You're reading: Lawmakers to consider transfer pricing bill in January, says chief tax officer

The draft bill on transfer pricing, prepared by the State Tax Service of Ukraine (STSU) jointly with PricewaterhouseCoopers, will be tabled in parliament in January 2013, and in case of adoption, it may become effective as early as on July 1, 2013, according to STSU chief Oleksandr Klymenko.

“I believe that a Verkhovna Rada [parliament] session is to begin on January 10, and we’ll table the draft law for consideration at first reading. As for [its] implementation, there are two options here: January 1, 2014 or July 1, 2013. Therefore we’ll be doing our utmost to pass it in the first quarter of 2013 comprehensively – at first and second reading,” Klymenko said during the presentation of the draft law to Ukrainian businessmen on Tuesday.

In his words, companies will have a week to study the draft law and put forth their proposals, and then the document will be sent to parliament.

“This bill will be tabled in parliament after discussions, and I guarantee it will be adopted,” he said.

Under the bill, monitored will be not only foreign economic operations with residents of the countries with low tax rates, but also transactions inside a group of companies (between affiliated entities).
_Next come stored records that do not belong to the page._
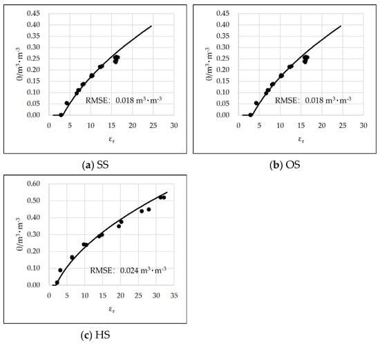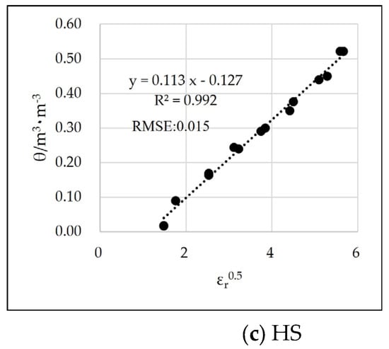 The intercept values for SS, OS, and HS were −0.170, −0.133, and −0.127, respectively. These values are influenced by soil porosity () and the relative permittivity of the soil matrix (). SS, with the highest bulk density (1.523 g/cm3) and lowest porosity (0.430), exhibited the lowest intercept, reflecting its compact structure and limited pore space. In contrast, OS and HS, with higher porosities (0.870 and 0.720, respectively), had higher intercepts. However, the relationship between intercept and porosity for OS and HS appears counterintuitive, as OS, with the highest porosity (0.870), had a slightly lower intercept (−0.133) compared to HS (−0.127). This discrepancy may be attributed to random errors in the soil testing process or the influence of other factors, such as organic matter content and soil texture, which can affect the dielectric properties of the soil. Additionally, the linear fitting process optimizes the slope and intercept to minimize RMSE, which may result in slight deviations from the expected trend.
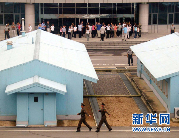 2004年7月26日拍攝的資料照片顯示,來(lái)自世界各國(guó)的游客在板門店韓國(guó)一側(cè)(上)參觀,畫面下部為板門店朝鮮一側(cè)兩名正在執(zhí)勤的朝鮮人民軍士兵。新華社記者姬新龍攝
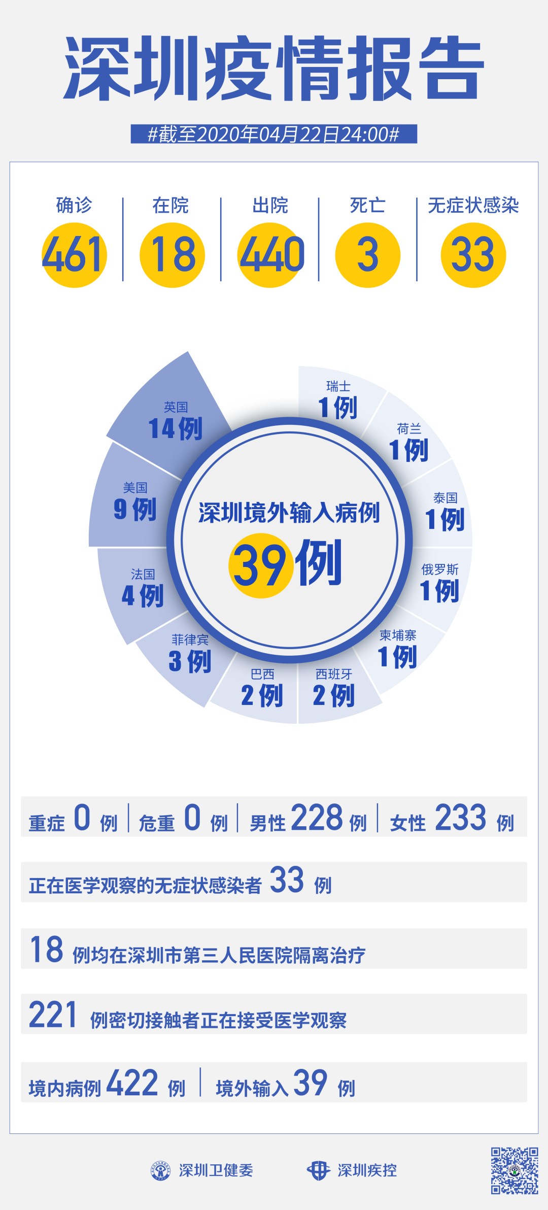 截至4月22日24時(shí),深圳累計(jì)報(bào)告新冠肺炎病例461例。4月22日當(dāng)天新增出院1例。

In both cases this is applicable if a total sum of transactions with a counteragent exceeds Hr 50 million per year.

Klymenko notes that the Hr 50 million level is under discussion now, although he says it is “a rather objective figure, which will allow tax authorities not to miss important things and deliver businesses from some unnecessary reports.”

Businessmen in turn say that the threshold should be higher. In particular, SCM Chief Financial Officer Marharyta Povashnaya said that the Hr 100 million would be more acceptable for Ukrainian businesses.

The bill foresees that companies should submit a report on monitored operations and documents related to transfer pricing on transactions every year before May 1.

The documentation will contain detailed information about transactions, counterparties involved in transactions, risk analysis and justification for the selection of a particular price level.

Fines worth 5% of the sum of a monitored operation is to be introduced for the failure to provide the report, and a fine worth 100 minimum wages is fixed for the failure to submit other required documents.

The bill also introduces a new type of inspections – a special inspection on transfer pricing. These will be long-term checks – from six to twelve months. In this case, tax authorities will not be authorized to check the pricing in monitored transactions as part of a usual inspection, but could check whether all transactions are reflected in the report.